Ces deux événements ont bouleversé ma vie. Après l'accident de Serge, j'ai commencé à me méfier de l'eau plaisir qui peut devenir eau mortelle, moi qui m'y suis toujours sentie épanouie et à l'aise comme un poisson. Après la disparition de Mélanie, je n'ai plus pu quitter mes garçons des yeux pendant plusieurs semaines. Dès qu'ils tournaient le coin de la maison, une peur panique m'envahissait. Heureusement, à cette époque-là, nous les emmenions déjà depuis longtemps aux bébés-nageurs et les voir évoluer dans l'eau, pouvoir regagner le bord sans difficulté m'avait plus ou moins tranquillisée.
Quand Fifille a rejoint ses frères, que les enfants ont grandi et que nous avons décidé il y 10 ans, pour eux, de creuser une piscine dans notre jardin, j'ai été impitoyable. Pas de bassin sans dispositif de sécurité (à l'époque, ils n'étaient pas encore obligatoires). Un grillage de 1,50m avec une porte fermée à clef dont les parents étaient les seuls détenteurs me paraissait être un minimum.

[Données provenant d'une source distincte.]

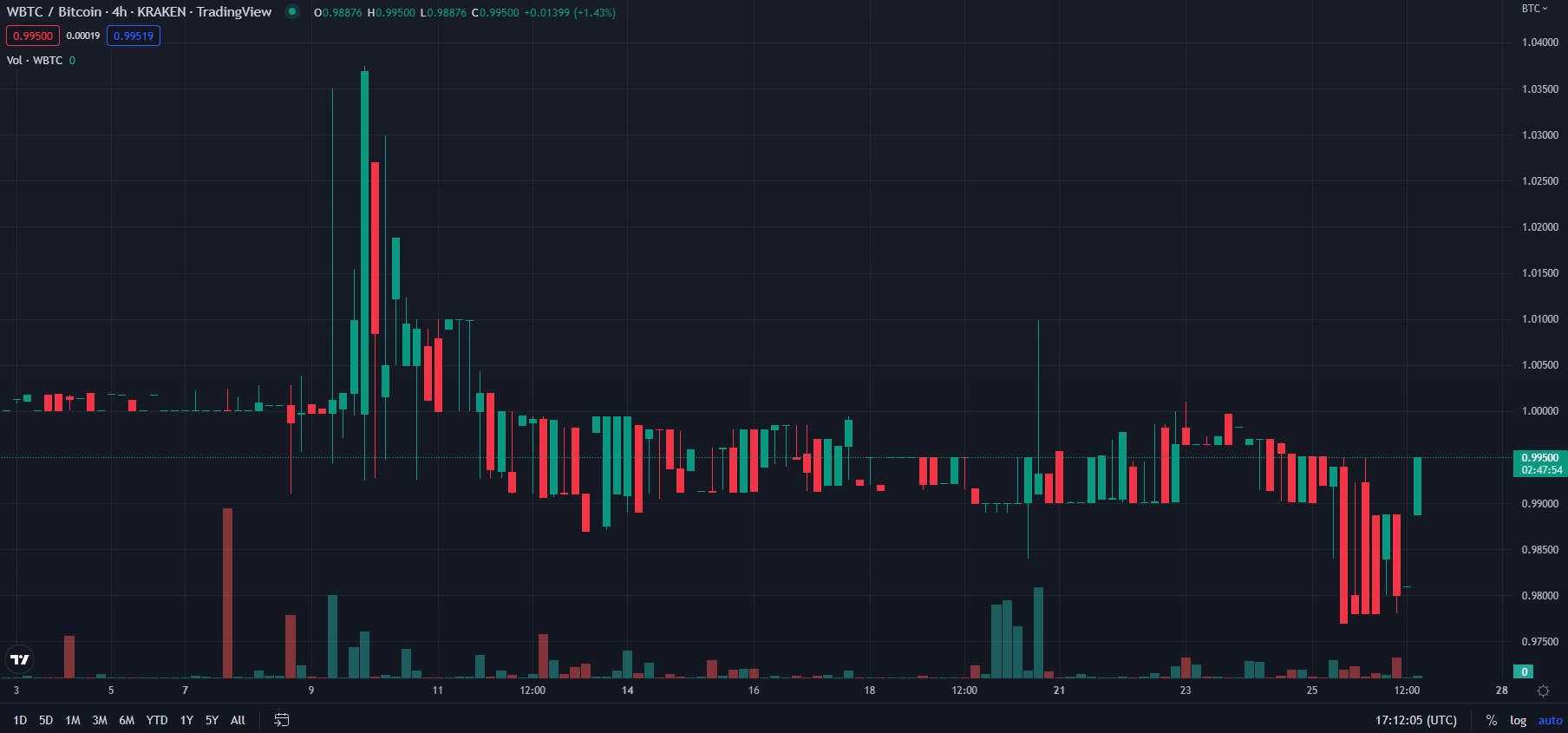 SponsoredTại thời điểm BeInCrypto thực hiện bài viết này (00:26 ngày 27/11/2022 giờ UTC +7), tỷ giá WBTC/BTC hiện ở mức 0.9950. Tuy nhiên, mức thấp nhất được ghi nhận khi WBTC bị depeg và giảm xuống mức 0.97702 vào thời điểm 12:00 ngày 25/11. Vậy thực tế chuyện gì đang xảy ra với WBTC? Liệu rằng WBTC có khả năng sẽ “sập” trong thời gian tới?
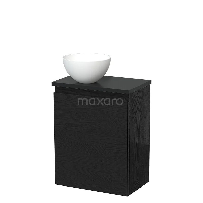 Toilet unit with countertop wash basin | 41 cm Black oak Handleless front Matte white Solid surface wash basin Matte black worktop
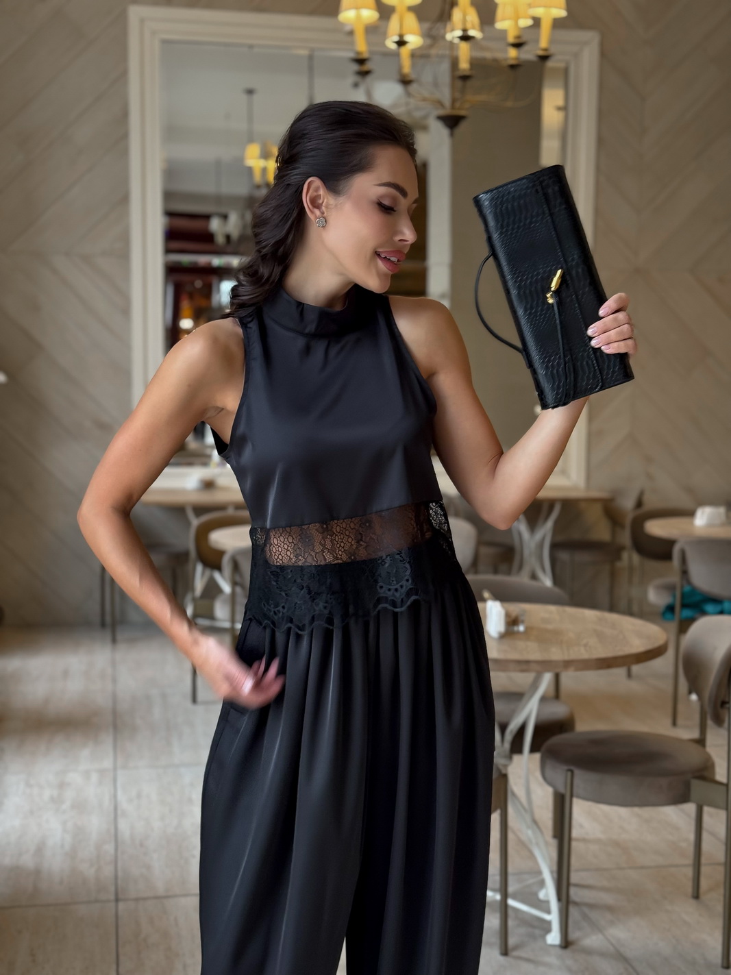 Описание: Элегантный топ с воротником стойкой.Топ свободного силуэта без рукавов. Он придаст женственности и игривости образу благодаря полупрозрачному кружеву.Легко комбинируется с юбками, шортами.

Quand ils ont encore grandi, je les ai abreuvés d'interdictions en tout genre : interdit de se baigner sans un adulte, interdit de plonger n'importe où, interdit de laisser la porte ouverte après la baignade, interdit de négliger le fait que nous avons des petits voisins qui ne savent pas nager et qui peuvent être attirés par l'eau de la piscine, interdit d'oublier que cette dernière est un lieu de plaisir et de détente mais aussi de danger, qu'elle peut vite devenir le théâtre d'un drame, interdit de courir sur les margelles et risquer de se blesser, interdit de laisser les copains faire les idiots... etc. etc. etc. et à la plage, bien sûr, interdit de se baigner en dehors des zones surveillées. Bref, une emmerdeuse dans toute sa splendeur.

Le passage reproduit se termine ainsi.